Probert discussed the impact of the merged concession agreement on reserves and resources, reiterating management’s view that improved concession longevity and fiscal terms provide catalysts for increased reserves and production, supported by increased investment funded from Egypt. He cited an example of “approximately $5 per barrel” improvement in netbacks at $80 Brent, and said the company replaced more than 200% of 2025 production through reserve additions, with the merged concession described as a major contributor.

He said the company had previously highlighted potential to convert up to 20 million barrels of working interest resources into reserves with the merged concession, and stated that the company had achieved this, referencing a 277% reserve replacement ratio. Probert also said the company identified “over 330 million barrels of oil equivalent” of unrisked working interest 2C resources as a maturation runway, with 80 million barrels of oil equivalent evaluated by GLJ.
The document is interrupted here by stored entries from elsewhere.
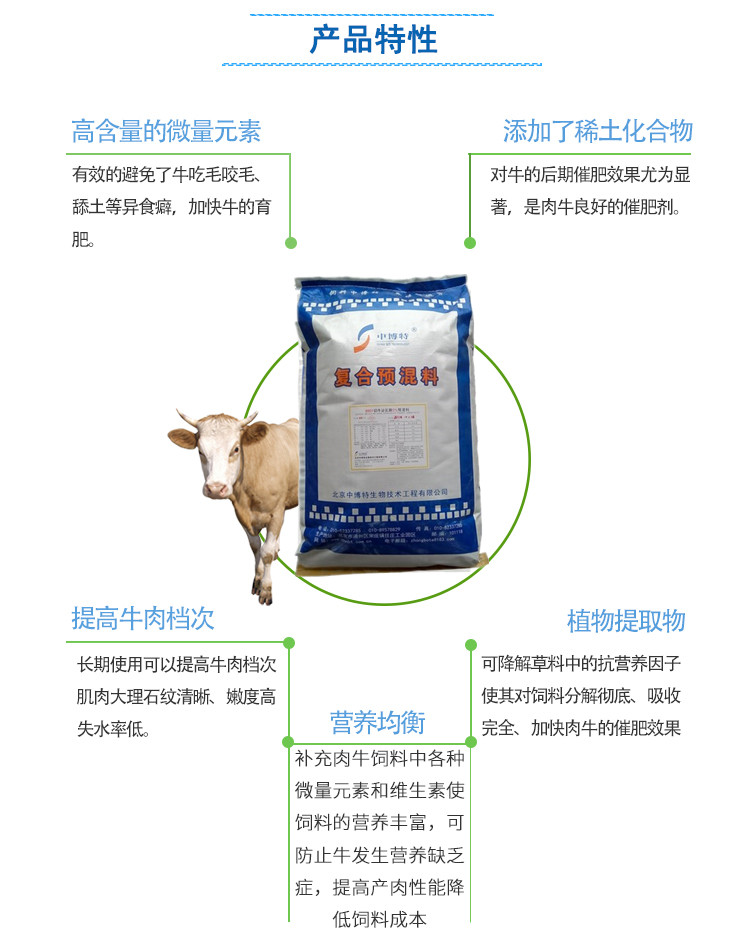 肉牛预混料(育肥牛专用预混料)特点:肉牛预混料催肥
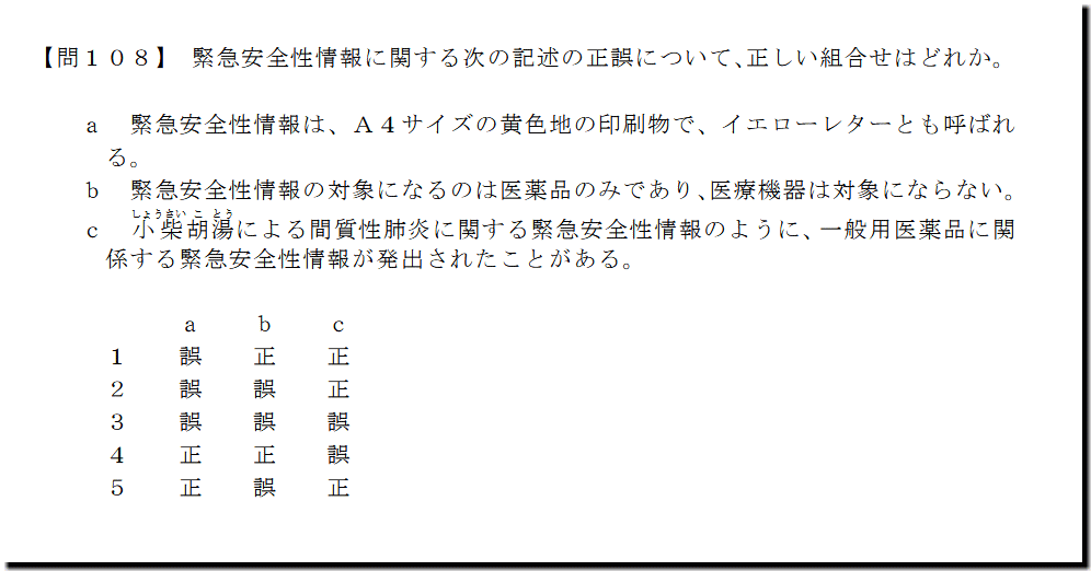 本問は、「適正使用」の「緊急安全性情報」についての問題です。基礎・基本的なものばかりなので、難しいところはありません。「医薬品」で勉強したことを思い出しながら、解答してください。
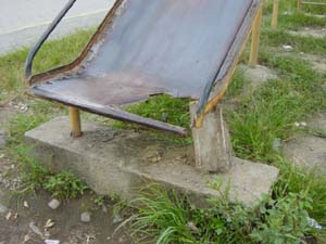 | Ninguno de los juegos se puede utilizar. Más bien constituyen un peligro para la salud al estar oxidados, ya que hay niños que insisten en ejercer su derecho a entretenerse, arriesgándose a cortarse y contraer tétanos. |
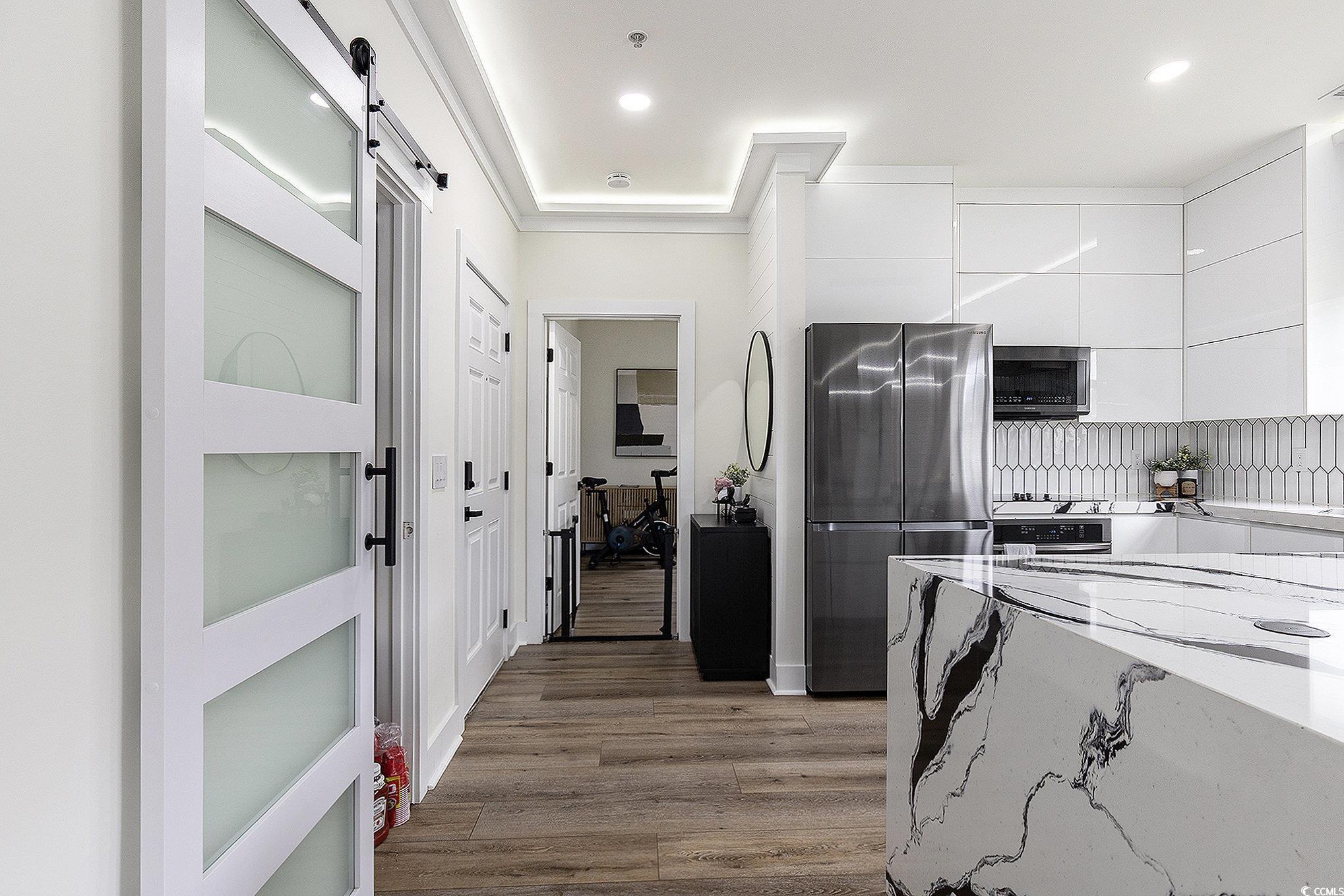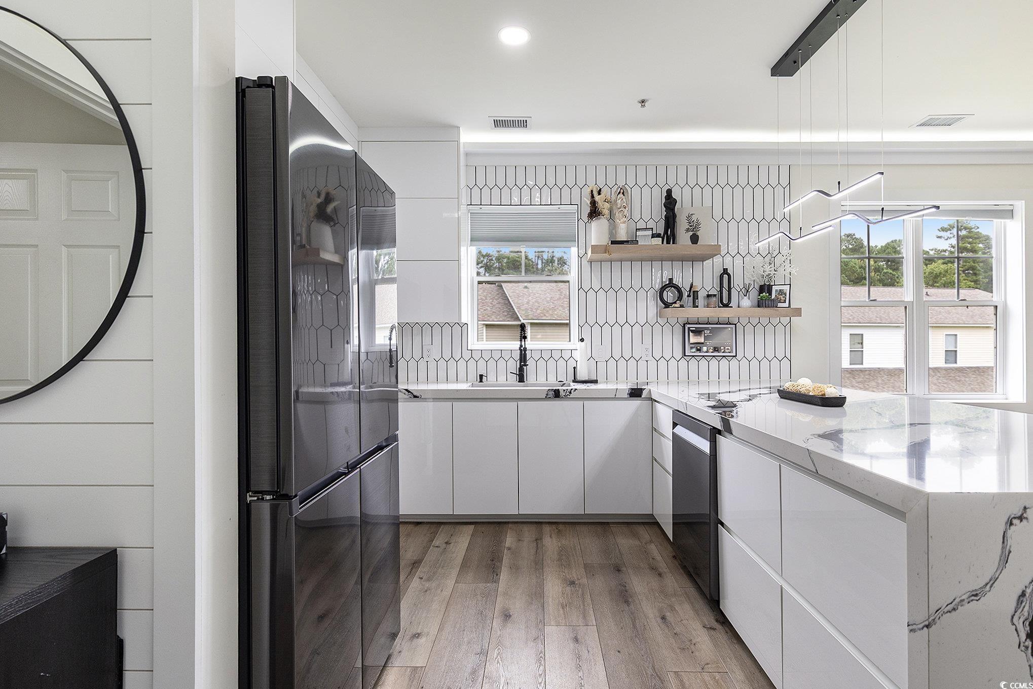 Stunning 3 bedroom, 2 bath completely updated END UNIT in Kiskadee Parke. This spacious unit features an open concept that is perfect for entertaining, large breakfast bar overlooking the dining and living areas, Quartz countertops, NEW black stainless steel appliances, NEW washer/dryer (2023), tray ceilings in the primary bedroom, walk-in closet w/built-ins, LVP flooring throughout, new HVAC (2023) and a private screened in porch offering tranquil views of the lake & fountain. Kiskadee Parke offers a community pool, hot tub, tennis court, basketball, beach volleyball courts, clubhouse with fitness and picnic area and outdoor grills. Conveniently located near Coastal Carolina University, HGTC, championships golf courses, and all the shopping and dining that Conway has to offer. Make this amazing unit your primary, second home or investment property.
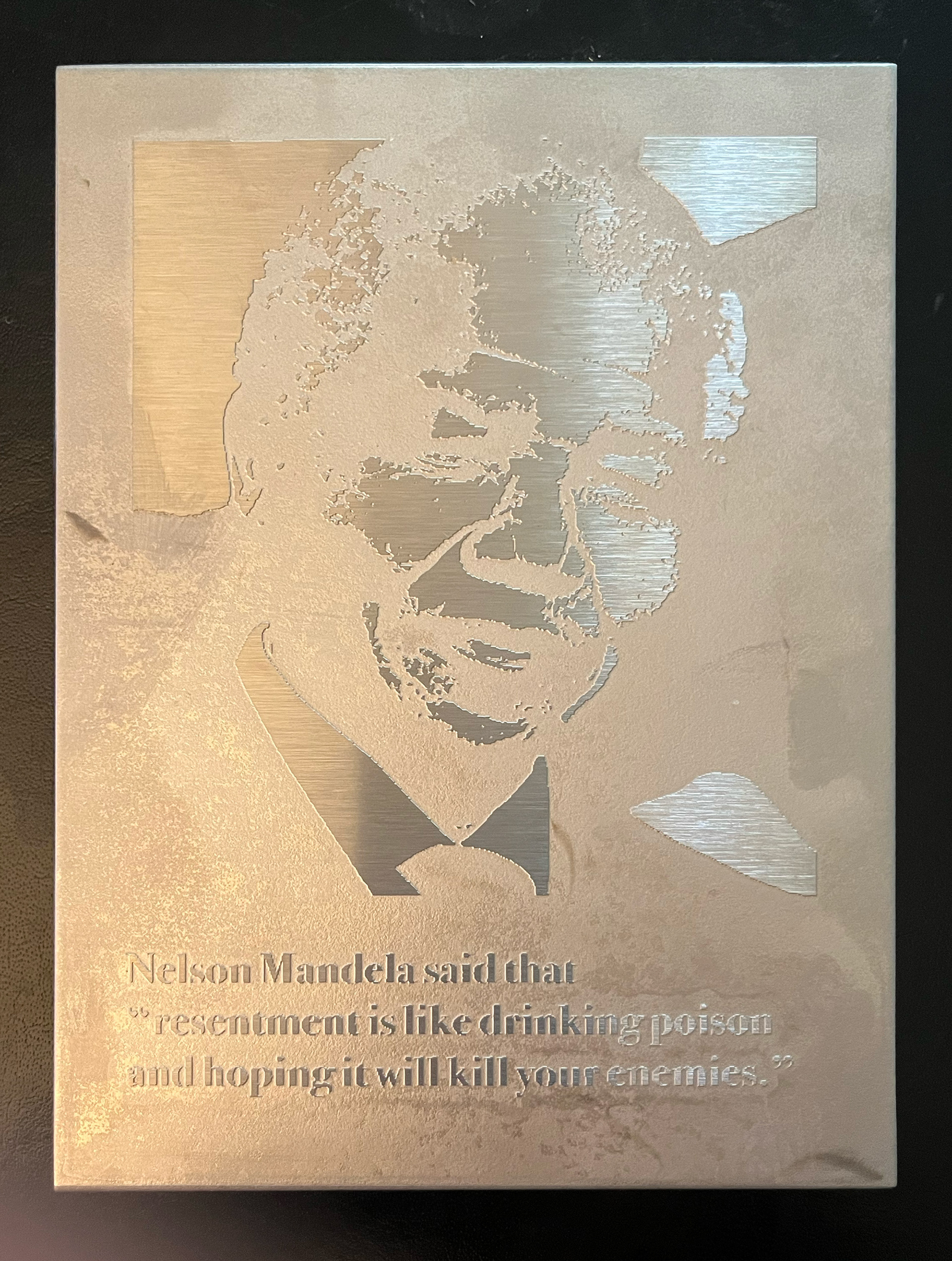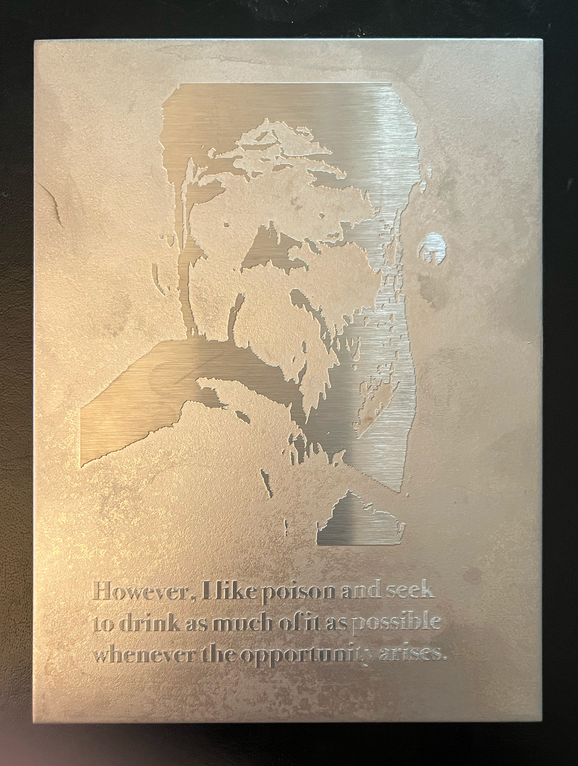 My piece for the Devour The Sour group exhibition at Walcott Chapel. Two pieces of acid etched zinc, featuring Nelson Mandela and Slobodan Praljak, with two poison bottles on bespoke shelves, one full, one empty. I had a few tee-shirts made for the occasion.
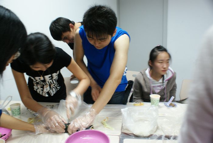 为了营造一个良好融洽的活动氛围,增进同学们之间的友谊,活动策划者别出心裁,活动设计的新颖别致,同学们也都饶有兴致的参与其中。互换月饼传祝福正式拉开本次活动的帷幕。班委给每位同学都发了月饼,并分发了祝福小纸条,同学们写下真挚的话语,通过互赠月饼,寄托真挚的祝福。接着,活动进入到制作寿司大比拼环节。每个小组同学亲自动手,用事先分发的食材制作寿司。同学们都积极出谋划策,职工同学也大显身手,积极参与其中。大家用友爱与欢乐共同烹饪一份独特可口的寿司。接下来,活动来到了更为激烈的欣赏视频短片抢答问题环节和电话连线活动。大家认真观看,积极思考,如侦探般运用自己的聪明才智让每一个问题都迎刃而解。电话连线环节,抽到三组同学,每组两位同学分别在教室内外,由教室内的同学给教室外的同学打电话,教室内的那位同学必须用聊天的方式让教室外的那位同学说出事先写在纸板上的一句话。看着教室内的同学绞尽脑汁、听着教室外的同学答非所问,同学们沉浸在欢声笑语之中。
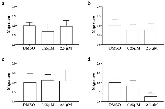 Effects of AXI on invasiveness of human LC cells in grafted zebrafish embryos. Quantification of cell spread in the tail of embryos injected with NCI-H727 (a), UMC-11 (b), NCI-H835 (c) and NCI-H720 (d) cells at 0 and 48 hpi after treatment with AXI (0.25 and 2.5 µM). As arbitrary unit of migration we considered the number of fluorescent particles in the tail. Graphed values represent the mean ± S.E.M. *** p < 0.001.
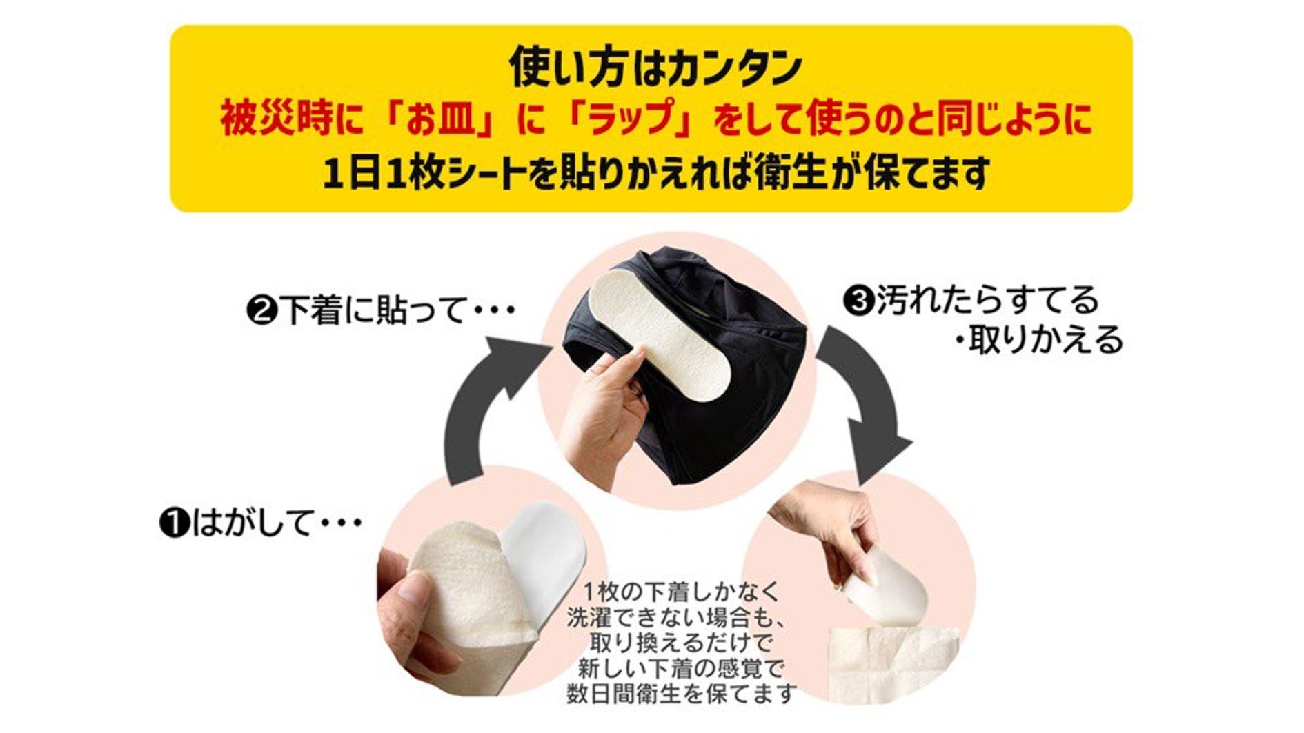 家族全員分の下着を長めの日数分備蓄しようと思うとかさばって難しいですよね。。。このシートを補助で使うことで下着の備蓄量を減らすことができ、もしもの時の安心につながるお手伝いが出来るかと思います。
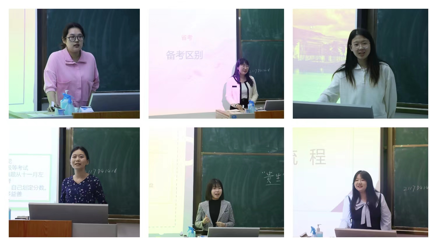 交流会上,四位考研成功的同学从自身的专业和实际情况出发进行交流,施玉新和李俊婕两位同学详细讲解了如何备考政治、英语和专业课的策略和过程,寇东宇和高航重点分享了自己的考研作息、备考规划、心态调整、复试技巧等方面,她们提醒大家要劳逸结合,注意时间管理,做好规划,认真备考。作为考公成功的代表,王春美从考取公务员的备考经历、失败总结、心路历程、经验分享四方面进行交流,她建议大家在面对考试失败时不要气馁,要不断反思自己,总结经验教训。最后,韩如向同学们分享教师技能大赛以及教师编上岸的经历,就大赛流程、备赛经验、面试流程、面试技巧四个方面进行分享,她告诫大家要多读书、多积累、多练习,明确目标,坚定信心,做足充分的准备。在现场提问环节中,同学们就自身考研、考公、考教师编中遇到的困惑和问题与师姐们进行交流,师姐们也给出了耐心的解答和中肯的建议。
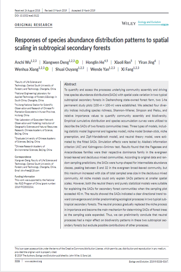 吴安驰以第一作者身份在Ecology and Evolution发表题为Responses of species abundance distribution patterns to spatial scaling in subtropical secondary forests的论文
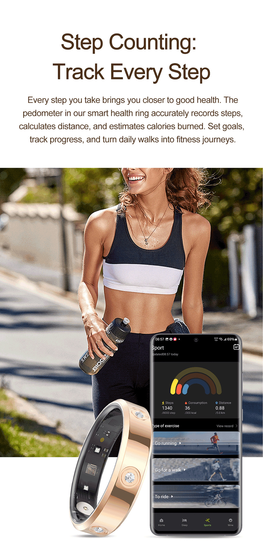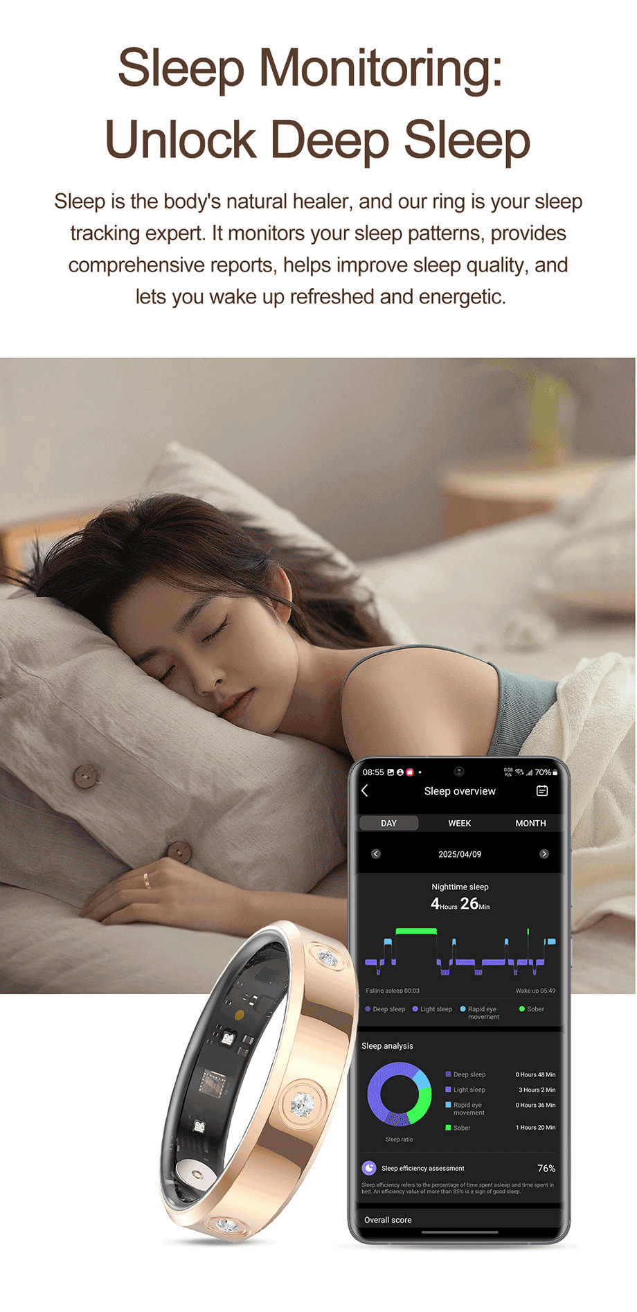 Funciones adicionalesPasos de monitoreo de oxígeno en sangre de sueño de frecuencia cardíaca

Q&A: growth potential, capital allocation, and receivables mechanics

Asked about a competent person’s report production profile suggesting potential growth toward 25,000 barrels per day by 2027, Probert said it would depend on activity levels and other in-country factors. He referenced a program across the Badr area, potential under new gas pricing at Obaiyed, and previously announced activity including a successful Bahariya well in Badr to the east of the merged concessions, as well as the new development lease and Sitra North. He said the “runway towards that is very robust,” while adding he would not guarantee it.

On the balance sheet, management said shareholder returns and capital allocation were “front and center,” but noted several considerations, including capital commitments under the new concession agreements and ring-fencing of the Egypt operations from the PLC, which has contingent liabilities disclosed in the financial statements.

In webcast questions, management confirmed that bonus payments to EGPC on ratification are typically handled as deductions from receivables, assuming EGPC continues to owe funds given ongoing monthly revenue billing. On receivables trends, the company said there has been consistent messaging from the ministry and EGPC about incentivizing IOC investment, with receivables collection performance viewed as a key measure; management said consistent payments are supporting Capricorn’s planned capital program and that the new concession agreement adds commercial incentives for larger investments.

In closing remarks, Neely said Capricorn is positioned to build cash flow and shareholder value, with a focus on technical rigor and cost discipline, and with intentions to expand in Egypt and pursue opportunities in the U.K. North Sea, while awaiting final ratification of concession terms.

About Capricorn Energy (LON:CNE)

Capricorn is a cash flow-focused energy producer, with an attractive portfolio of onshore exploration, development and production assets in the Egyptian Western Desert.

Capricorn is headquartered in Edinburgh, Scotland.